Flo menatap Bian, terbuai dengan pandangan mata pria di atasnya. “Ayo lakukan,” gumamnya dengan suara bergetar.
Mendapatkan lampu hijau dari Flo, membuat Bian tidak ingin menundanya lagi. Bian kembali mencium dan melumat bibir wanita itu dengan penuh gairah. Saat tangannya menyusup ke belakang untuk membuka kait bra, tiba-tiba Bian mengingat sesuatu.
“Mas, tolong jaga Flo.”
Bian menghentikan aktivitasnya, lalu perlahan melepaskan tubuh Flo. Apa yang Arga ucapkan kepadanya, kini berhasil membuatnya tersadar. Pria itu menatap Flo yang terlihat gusar dan gelisah. Dengan sekuat tenaga, Bian mencoba mengendalikan diri, lalu menarik selimut untuk menutup tubuh kakak dari Arga.
“Maaf Flo, saya benar-benar minta maaf,” ucap Bian merasa bersalah. Ia beranjak pergi dari kamar tersebut namun suara Flo kembali mencegahnya.
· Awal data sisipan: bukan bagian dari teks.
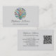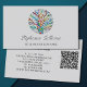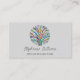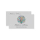 This modern business card is decorated with a colourful mosaic tree of life design and stylish script typography on a grey background.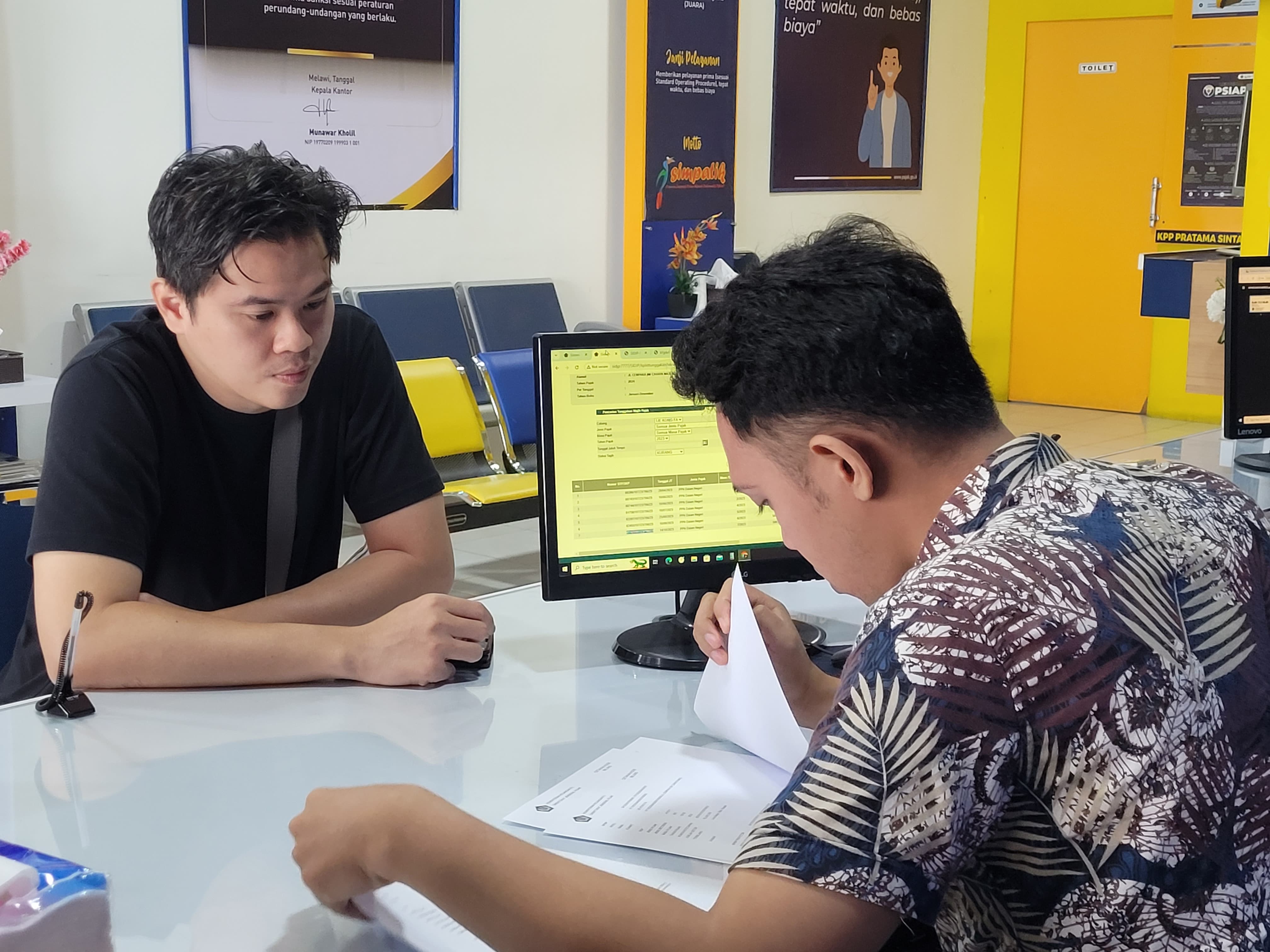 Salah seorang wajib pajak melakukan konsultasi mengenai tunggakan pajak berkenaan dengan surat pemberitahuan (SPT) masa pajak pertambahan nilai (PPN) bersama dengan Iqbal Pasuja, Petugas Pelayanan Kantor Pelayanan, Penyuluhan, dan Konsultasi Perpajakan (KP2KP) Nanga Pinoh di ruang tempat pelayanan terpadu KP2KP Nanga Pinoh, Kabupaten Melawi (Selasa, 27/8). Wajib pajak tersebut merupakan wajib pajak yang telah dikukuhkan sebagai pengusaha kena pajak (PKP).

“Jangan pergi, aku mohon.”
Bian melihat Flo yang tiba-tiba menangis, entah karena apa. Hal ini membuat Bian tidak tega dan akhirnya memutuskan untuk kembali ke tempat tidur namun membiarkan selimut tetap menutupi tubuh wanita itu. Ia mencoba menenangkan Flo agar tidak menangis lagi.
Bian menggelengkan kepala sambil tersenyum. Malam b*******h itu membuat tubuhnya kembali terasa panas. Ia lantas berjalan ke balkon dan menyesap wine yang ada di dalam gelas sambil menatap keluar. Dari atas balkon kamarnya, ia bisa merasakan udara malam yang dingin. Setelah kejadian bersama Flo mengusik pikirannya, kini bayangan mengenai tempat tinggalnya dulu tiba-tiba muncul dan sosok yang bertahun-tahun bersamanya juga ikut hadir.
“Bagaimana keadaan dia sekarang? Benar-benar menghilang tanpa kabar.” gumam Bian. “Tapi itu sudah biasa mengingat bagaimana pekerjaannya,” sambungnya sambil kembali menyesap wine.